Tierney Bailey bookshelf

Before I moved away from home, I had five bookcases all along my bedroom walls filled with books and knick-knacks. Any little bit of spare money went to books. A move across the country, from the Midwest to the East Coast, meant that I could only take some books—mostly things I wanted to immediately read next or couldn’t imagine being parted with. (The books I left at home are now in my childhood closet, but some of those will slowly follow me to my new home.)

The first novel I read on my own was Treasure Island. I own a couple of editions, though the most important one is the one I brought with me to the East Coast. It’s really my dad’s but it’s been on my bookshelf for as long as I can remember. I would have never left home without it.

Science fiction anthologies and poetry also stand on my bookshelf, managing to be the majority at the moment. Some are guilty pleasures—looking at you, Harry Harrison—while others are based on social commentary and revolutions, like all of the best science fiction is at heart. Joanna Russ, Octavia Butler, and Octavia’s Brood (not pictured on my bookshelf because it’s actually on my bedside table at the moment, waiting to be finished) are leaning together with Nnedi Okorafor and Mary Shelley. Folktales, young adult, romance and non-fiction all mingling in semi-order because I haven’t organized the shelf again since I moved in last year. Notebooks, loose paper with useful information, a magazine I designed entirely on my own, and books turned every which way to make as much room as I can for more books take up at least a quarter of the room on the shelf. My bookshelves are messy despite a constant effort to keep the disorder in check, but the continuing input of new books makes it almost impossible to keep tidy.

Eventually the books will spread once more from the bookshelf and my bedside table and into piles on the floor (or, preferably, another bookshelf), but, until then, they will make do with the space I have.

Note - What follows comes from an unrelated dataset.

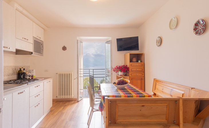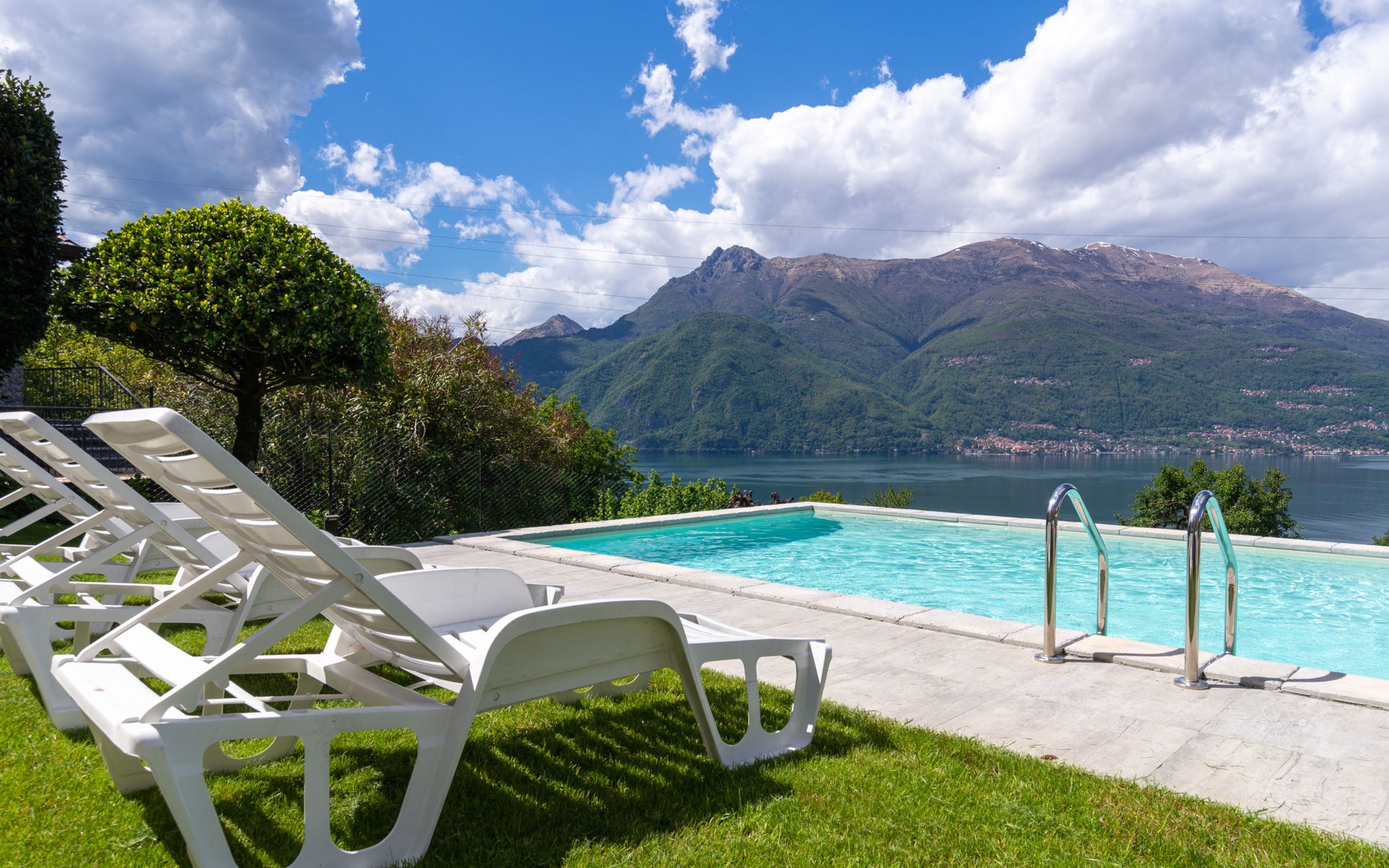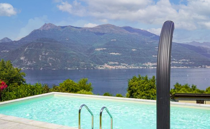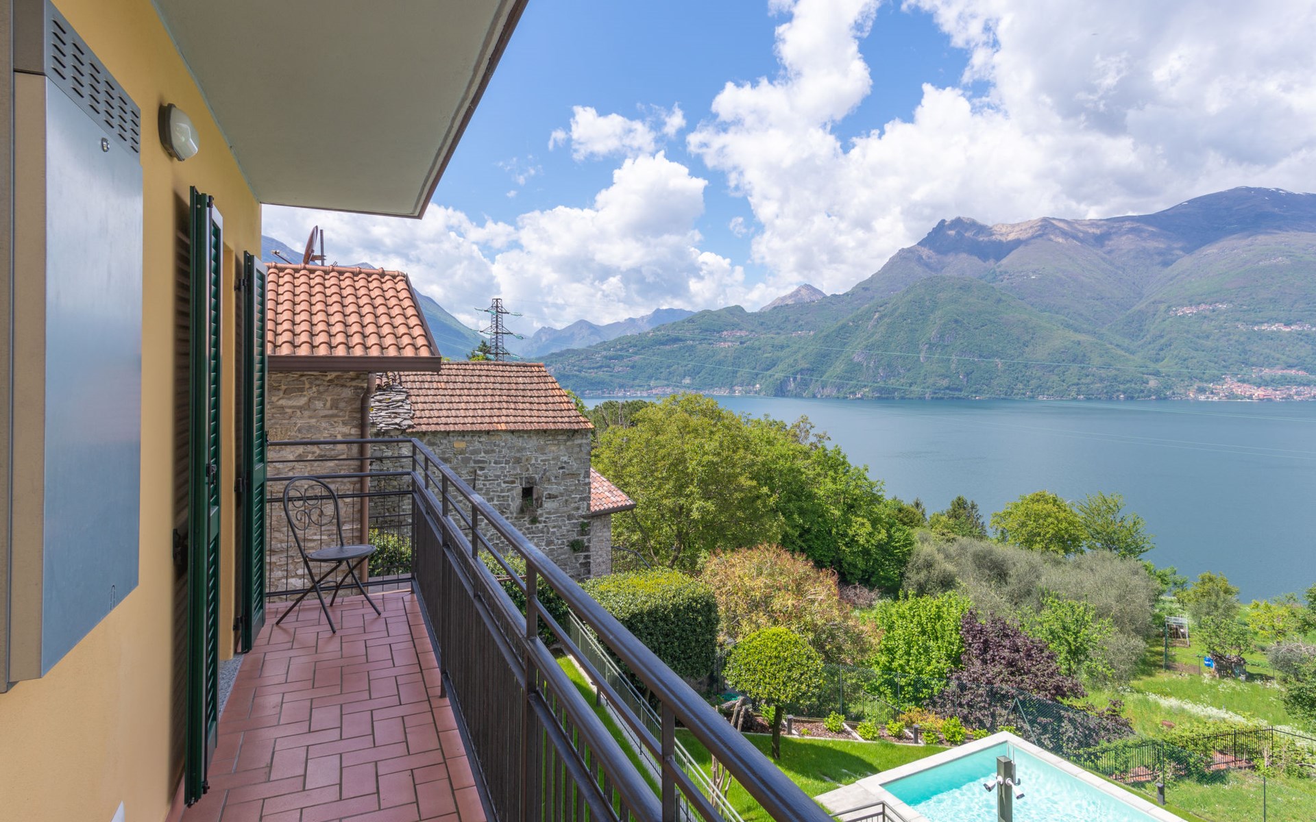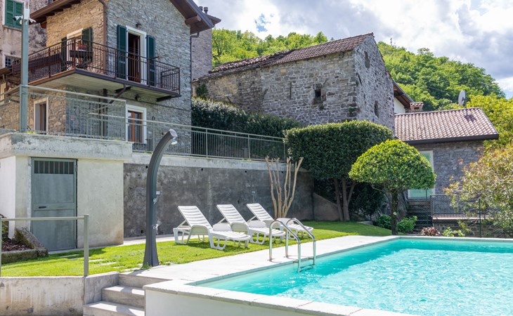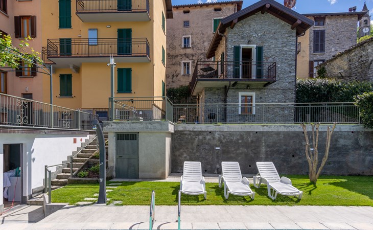 Perledo 3 km from Varenna: Residence. 2 houses in the residence. 3 apartments in the residence. In the hamlet Gittana 3.5 km from the centre of Varenna, 2.5 km from the centre of Perledo, 25 km from the centre of Lecco, 1.3 km from the lake. For shared use: garden 100 m2 with lawn, swimming pool angular (4 x 7 m, depth 100 cm, seasonal availability: 30.Apr. - 31.Oct.) with salt-electrolysis pool-cleaning system. Terrace, garden furniture, barbecue. Pool maintenance by the owner/gardener. In the house: storage room for bicycles, washing machine, tumble dryer (for shared use). 2.5 km long narrow motor access (mountain road). 20 m footpath (15 steps) to the house. Public parking 20 m. Shop 2.5 km, supermarket 3.5 km, bus stop "Perledo" 2.8 km, railway station "Varenna" 3.5 km, pebble beach "Lido di Gittana" 1.3 km (small), grass beach "Bellano" 3.5 km. Golf course (18 hole) 12 km, walking paths from the house 100 m. Hiking paths: Sentiero del Viandante.

Tierney Bailey is a Libra, a lover of science fiction and poetry, and studies Korean in her spare time. She currently copyedits for Strange Horizons. Tierney is also a Writing, Literature, and Publishing graduate student at Emerson College. As an East Coast transplant from Indianapolis, Tierney still smiles upon the slightest bit of eye contact. If you can’t find her on a train between Providence and Boston, she can easily be found on Twitter as @ergotierney.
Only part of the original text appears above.